New York Central College
*On this date in 1849, we celebrate the opening of New York Central College. This college was the first in the United States founded on the principle that all qualified students were welcome.
It was an abolitionist institution called New York Central College, McGrawville, and Central College. It was founded by Cyrus Pitt Grosvenor and other anti-slavery Baptists in McGraw, New York (at the time called McGrawville. The sponsoring organization was the American Baptist Home Mission Society. New York State chartered it in April 1848, laid the cornerstone of its main building on July 4, and opened in September 1849.
Its "prominent features" were "Radical Anti-Slavery and Equality of the Sexes." The college lasted about ten years. An author of a modern study wrote, "A little town tried to create a place without any prejudice, and it did make a difference. It created humanitarians and heroes in a time where nothing else existed like this."

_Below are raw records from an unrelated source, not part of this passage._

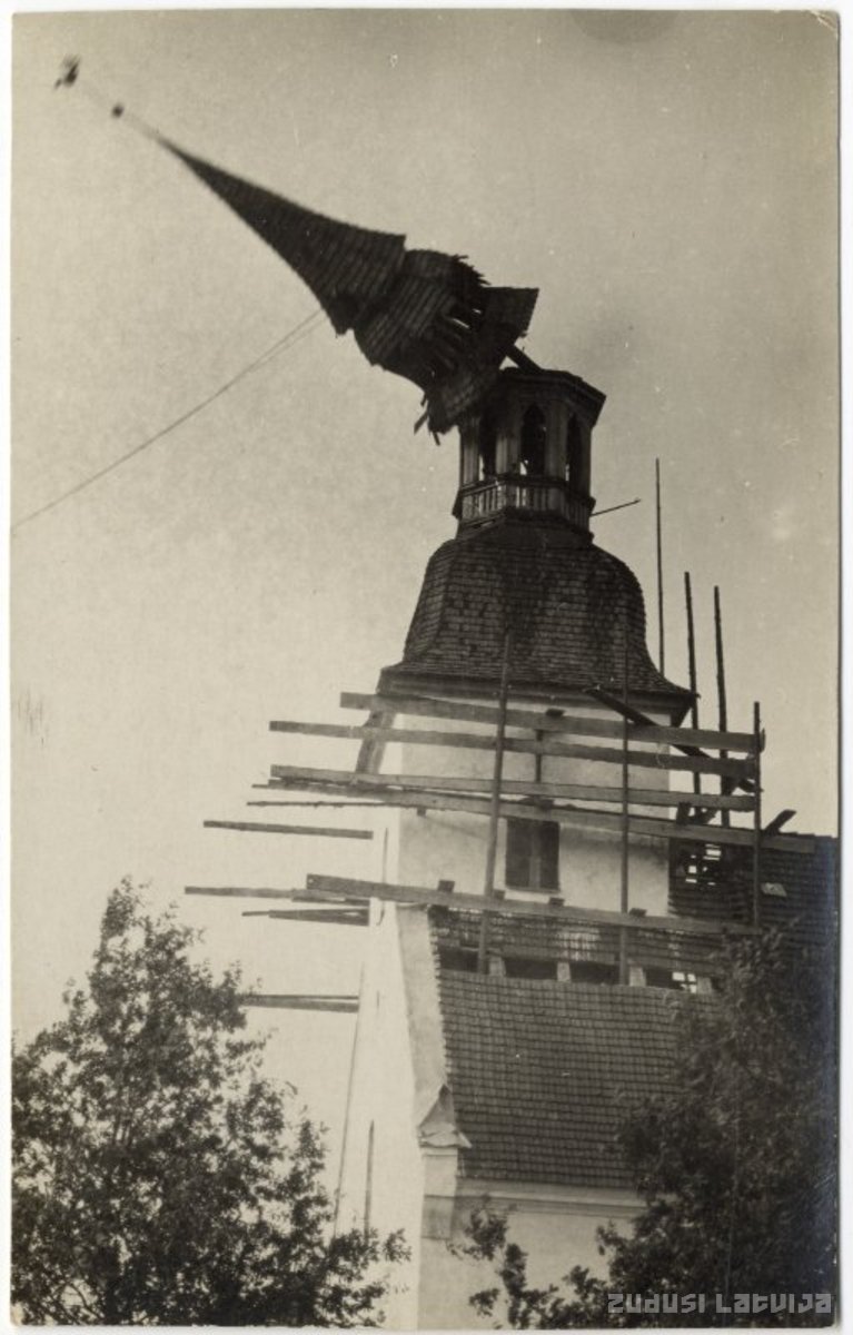 Opekalna luterāņu baznīca. Koka torņa nosvēršanās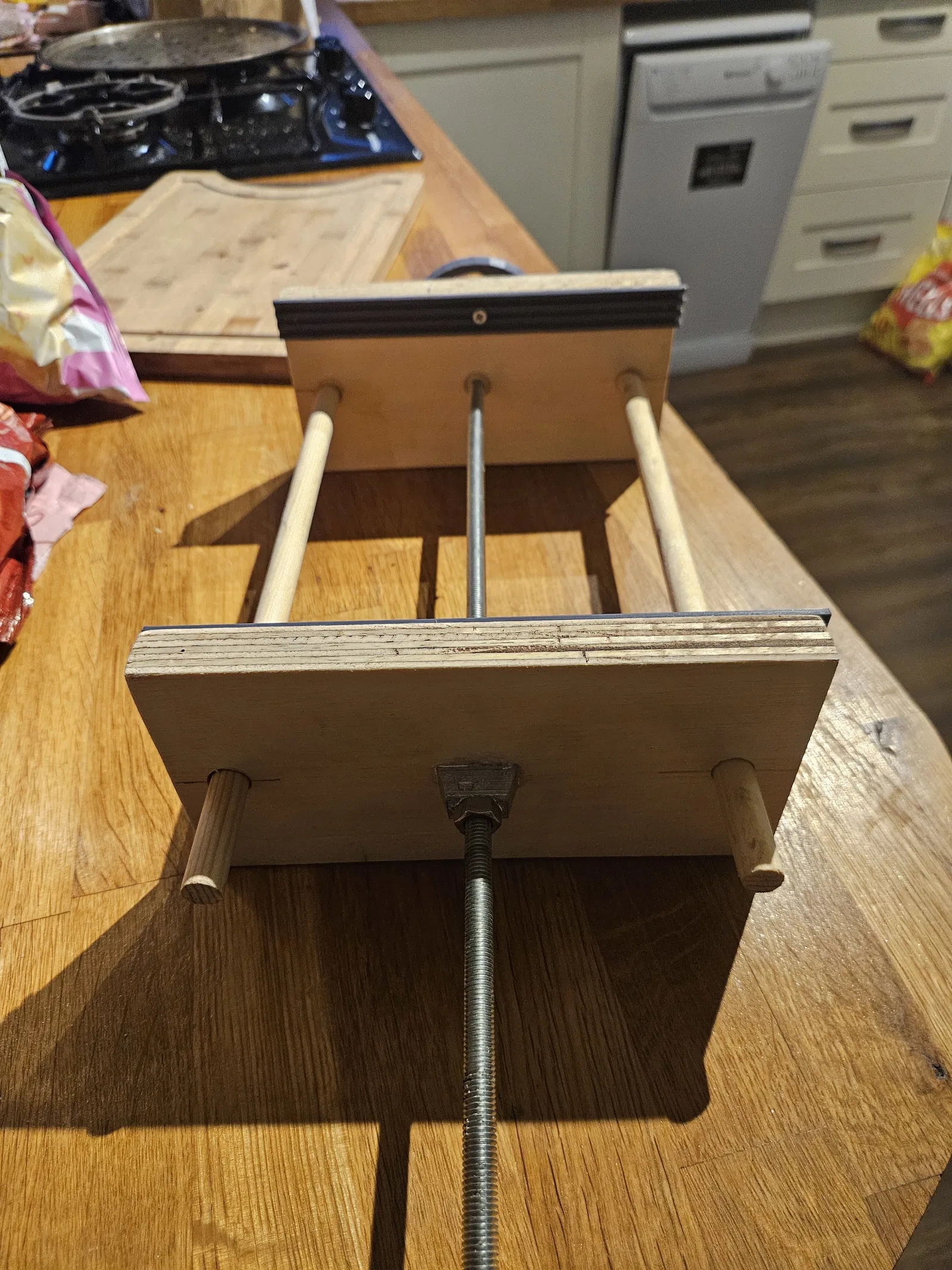 Mình tính chỉnh (tweak) cái vice của mình và đặt bu-lông nằm bên trong gỗ để nó không bị lỏng ra.
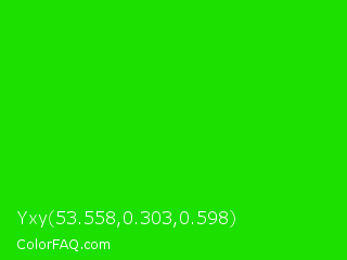 Yxy 53.558,0.303,0.598 Color is a normal green color and the nearest color is Green #00ff00. Hex code #1ce000 and RGB value is rgb(28,224,0). In RGB color space, this color is composed of 11% red, 88% green, 0% blue, In CMYK color space, this color is composed of 88% cyan, 0% magenta, 100% yellow , 12% black , In HSL color space, this color has a hue angle of 113° , 100% saturation and 44% lightness.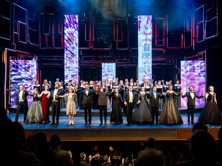Финал спектакля. Все артисты на сцене. Фото Антон Дубровский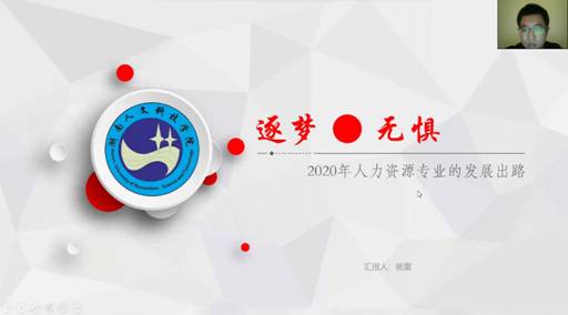 会上,杨雷学长首先介绍了自己的工作履历、毕业后职业生涯中所遇到的问题和机会;接着从目前企业现状、机会、优势及出路四个方面进行更深层次的讨论。虽然在2020年初中国社会企业生存调研报告中,有34.82%的社会企业勉强维持,12.5%的社会企业面临倒闭危机,但在政府金融、政策支持,在校期间老师以案例为主的教学,专业化培养,组织各项专业活动,传授理论知识等专业指导下,人力资源管理专业未来发展方向并不直接受当前企业现状影响,而把握好每一个机会,发挥出自身优势,培养专业技能才是关键。最后告诉大家,成功路上并不拥挤,也绝非偶然,任何专业都有一条合适的发展出路,只要我们努力学习,有无畏无惧敢于挑战的精神,道路就会逐渐平坦而宽阔,越走越远!(通讯员:曾茂桂 罗灿)

While Oberlin and Oneida had accepted black students and Oberlin female students, New York Central College was the first institution in the country founded to accept all students, which it did from its very first day. Central was the first college to hire black faculty. Three qualified black professors successively occupied the same position: Charles L. Reason, William G. Allen, and George Boyer Vashon. As was common in the Antebellum period, with no public secondary schools in America, Central had a large preparatory, or high school, division. Students at the college level were never more than a small minority of the student body.
At the first commencement in 1855, there were five graduates, with a student body of well over 100. There were some students at the primary level. Yet there was no question that Central was a college, whatever the ratio of students, and not an academy whose studies ended at the high school level (typically including Latin and Greek). It has been called a predecessor of Cornell University. The school lost funding from the New York State Legislature, was bankrupt by 1858, and closed in 1860. Former students include Edmonia Lewis and Benjamin Bosman.